Significance. If the results hold, the work offers an efficient route to post-train multimodal generators for fine-grained timing without extra annotation or heavy inference-time sampling. The explicit release of code and demo is a clear strength for reproducibility. The approach targets a genuine gap where semantic correspondence is already strong but precise event-level synchronization remains weak.

major comments (1)

[Methods (negative construction strategies)] The central assumption that the on-the-fly rule-based negative construction strategies (temporal shifts, stretches, drops) produce misalignment distributions equivalent to those arising during actual generative sampling is load-bearing for the entire claim. The manuscript provides no analysis or ablation demonstrating that these synthetic distortions capture the correlated visual-audio artifacts typical of diffusion or autoregressive sampling errors, rather than merely varying difficulty inside an artificial family.

minor comments (2)

[Abstract] The abstract asserts outperformance across benchmarks but omits concrete metric values, baseline names, and any mention of statistical tests or variance, which reduces immediate assessability of the empirical claims.
Notation for the preference pairs and the curriculum schedule should be introduced with explicit equations or pseudocode to improve clarity for readers unfamiliar with the exact distortion operators.

Simulated Author's Rebuttal

1 responses · 0 unresolved

We thank the referee for this valuable comment on our negative construction approach. We provide a detailed response below and will update the manuscript accordingly.

read point-by-point responses

Referee: [Methods (negative construction strategies)] The central assumption that the on-the-fly rule-based negative construction strategies (temporal shifts, stretches, drops) produce misalignment distributions equivalent to those arising during actual generative sampling is load-bearing for the entire claim. The manuscript provides no analysis or ablation demonstrating that these synthetic distortions capture the correlated visual-audio artifacts typical of diffusion or autoregressive sampling errors, rather than merely varying difficulty inside an artificial family.
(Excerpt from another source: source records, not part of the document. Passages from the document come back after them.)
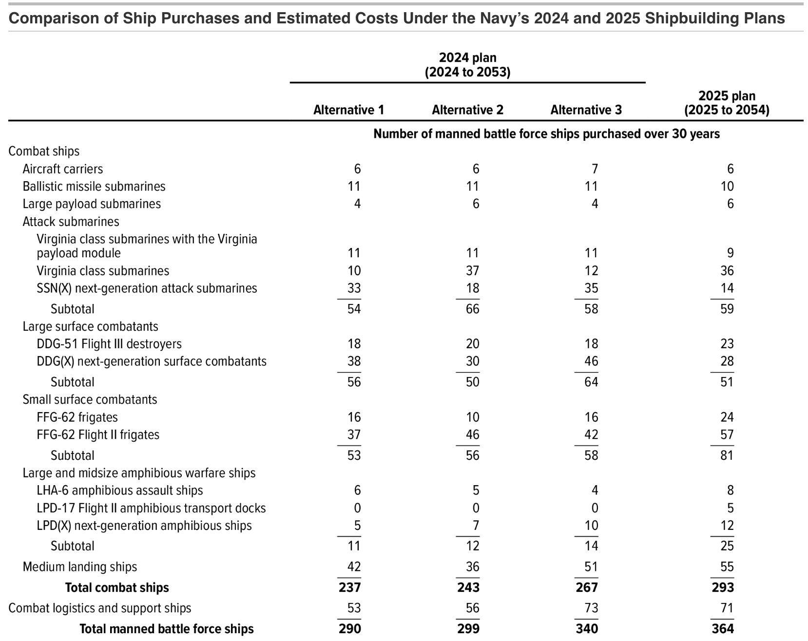 Currently, many Navy shipbuilding programs are experiencing schedule delays and cost growth. In early 2024, the Navy conducted a shipbuilding review that showed many programs were behind schedule. The review specifically highlighted the following ships, which have been delayed by varying amounts:
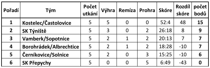 Tabulka ZL – U13:
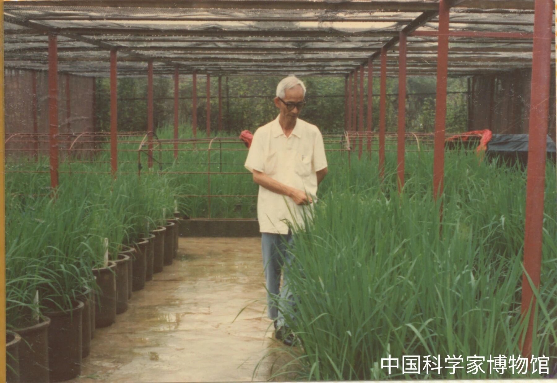 朱立宏在网室观察水稻生长。来源丨中国科学家博物馆
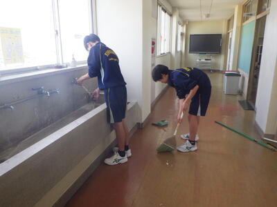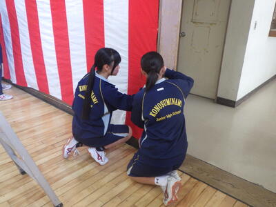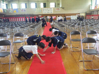 その後、新3年生は体育館で、1年生を気持ちよく迎えようと心を込めて入学式の会場準備を中心に作業を行いました。新2年生は新しい学年のスタートに向けて、やる気に満ちた良い表情で校舎内の机・イス等の移動や清掃を行いました。実に頼もしい働きぶりでした。
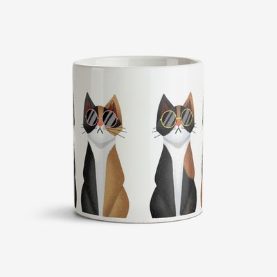 Folio Illustrations Of Four Cats In A Row Wearing Different Coloured Sunglasses Mug image 4

Authors: We agree that a more rigorous validation of the negative construction strategies would bolster the paper. Our strategies are motivated by common temporal misalignment patterns seen in generated video-audio pairs, including those from diffusion models, such as audio lagging behind visual events or mismatched durations. Although we did not include a direct distributional comparison in the original submission, the superior performance on real benchmarks and OOD generalization suggest that the approach effectively targets relevant misalignment types. In the revised version, we will add an analysis section with examples of base model failures and how our negatives relate to them, along with an ablation on the curriculum stages. This will demonstrate that the distortions are not merely artificial but capture key aspects of the problem. revision: yes

Circularity Check

0 steps flagged

No significant circularity; builds on established DPO with novel rule-based negatives

full rationale

The paper's derivation applies the standard DPO loss to video-audio pairs using explicitly defined on-the-fly rule-based distortions (temporal shifts, stretches, drops) for negative samples and a curriculum schedule. These construction rules are stated as independent of model outputs and do not reduce any claimed prediction to a fitted parameter or self-definition. No load-bearing self-citations, uniqueness theorems, or smuggled ansatzes appear in the method; the central claim of improved temporal sensitivity rests on the new negative-construction procedure rather than on prior author results. Experimental results are reported as external validation, not as part of the derivation chain itself.

Axiom & Free-Parameter Ledger

0 free parameters · 1 axioms · 0 invented entities

Relies on standard DPO assumptions and the effectiveness of rule-based distortions as proxies for misalignment; no explicit free parameters or invented entities detailed in abstract.

axioms (1)

domain assumption Direct Preference Optimization improves sensitivity to temporal misalignments when provided with explicit negative pairs
Core premise drawn from prior DPO literature applied here to video-audio generation.

pith-pipeline@v0.9.0 · 5585 in / 1139 out tokens · 68617 ms · 2026-05-13T06:55:32.946570+00:00 · methodology

discussion (0)

Lean theorems connected to this paper

Citations machine-checked in the Pith Canon. Every link opens the source theorem in the public Lean library.

IndisputableMonolith/Foundation/ArithmeticFromLogic.lean reality_from_one_distinction unclear

?

unclear
Relation between the paper passage and the cited Recognition theorem.

We introduce a suite of on-the-fly rule-based negative construction strategies that distort temporal structures... curriculum learning strategy that progressively increases the difficulty of negative samples
IndisputableMonolith/Cost/FunctionalEquation.lean washburn_uniqueness_aczel unclear

?

unclear
Relation between the paper passage and the cited Recognition theorem.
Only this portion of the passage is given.